I finally get back with the new hose and solder it on and connect it to the heater. I hope she likes this one better! It seemed to have the same ribs as the last hose, but what do I know. I start filling the tank again and this time there is no hissing noise. I then busy myself connecting up the natural gas connection and start trying to turn this lady on by lighting the burner on this baby. Our old heater took the old standby method using matches to light the pilot light. This new one has a pieso igniter. You rotate her switch to PILOT, push her button to start the flow of gas, and then punch the igniter button and watch for the pilot to ignite. I try this for about five minutes with no luck and no flames. This is one cold woman! I then suddenly notice that she has also started to cry! SHOOT! The hot water nipple seems to be leaking! I try tightening. Still leaking a lot. I switch that nipple with the other one, to rule out a busted nipple. Still leaking at the hot water nipple fitting! I come to the sad conclusion, that this mother is DEFECTIVE! By this time, the day is shot and I’ve still not got this baby on fire. I call the hardware store who says they will gladly exchange it. What a lot of work to remove the new one, and return it! But, I have no choice. I begin to drain the 40 gallons and disconnect all the pipes and fittings.
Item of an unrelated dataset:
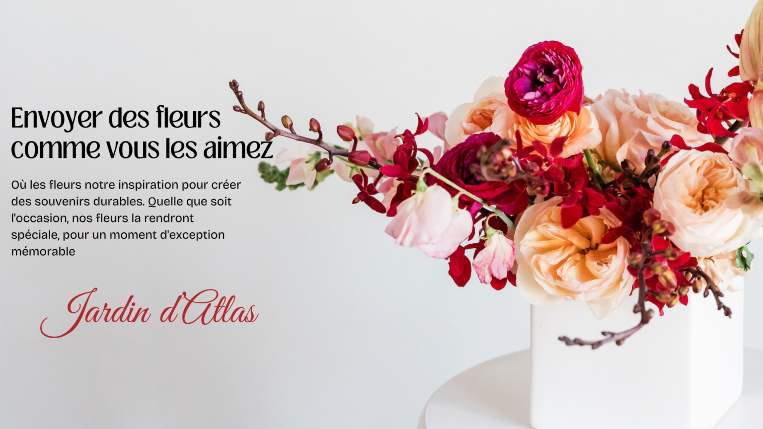 Chez Jardin d’Atlas, nous proposons une large gamme de bouquets adaptés à toutes les occasions, avec une livraison rapide et soignée directement à votre porte, la possibilité de personnaliser chaque création selon vos envies, et un engagement constant pour l’esthétique, le raffinement et la satisfaction de nos clients.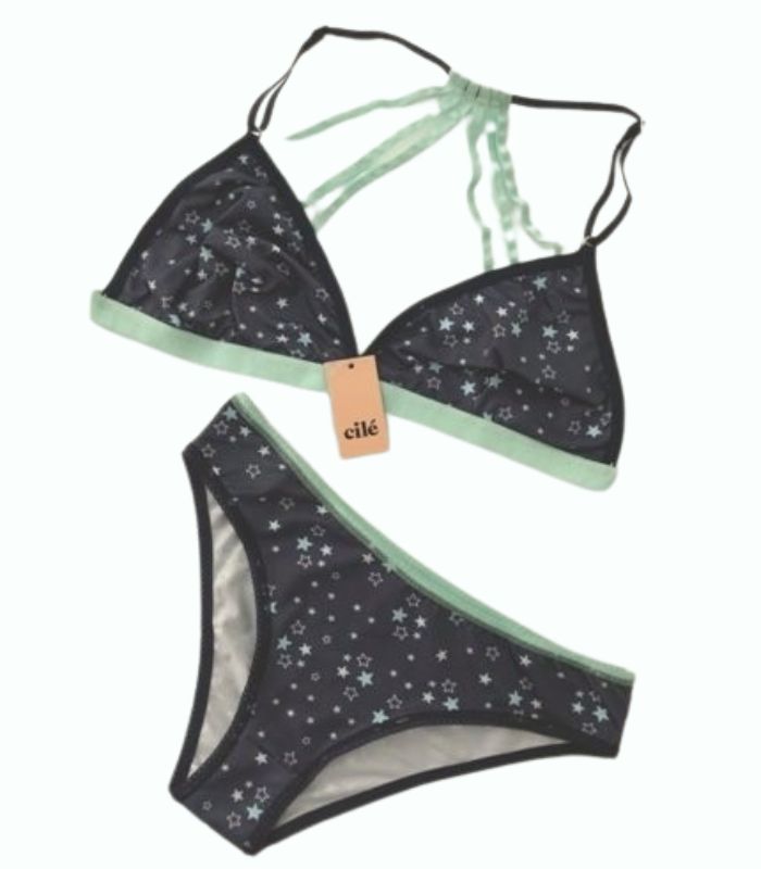 Conjunto sostén triángulo con detalle en espalda y vedetina, de microfibra sublimada.

Thankfully, they took it back and with all new fittings on, everything came apart easy and within two hours, another hot water heater was in place and ready for a test. She fired right up on the third push of her igniter button, lighting off with a roar. I still had a very minor water leak on that same Hot Out nipple, but nothing like the first leak! I mop up the leak, tighten the nipple a bit more and hope for the best. Two hours later, we had hot water for showers and the leak was almost stopped. I guess the cast iron insert in the water tank, had to get all close and comfortable with my shiny new brass nipple.

I hope she is happy for fifteen years! By then, I will opt to let the professional plumber come and have his way with her old dead and worn out carcass.

While typing up this blog entry, I was listening to Robert Palmer’s (RIP) Addictions (VOL 1). Addicted to Love (which my band had been working on), Some Guys have All the Luck, Bad Case of Loving You, Simply Irresistible and Some Like it Hot. All seem to be strangely appropriate songs when dealing with nipples on water heaters.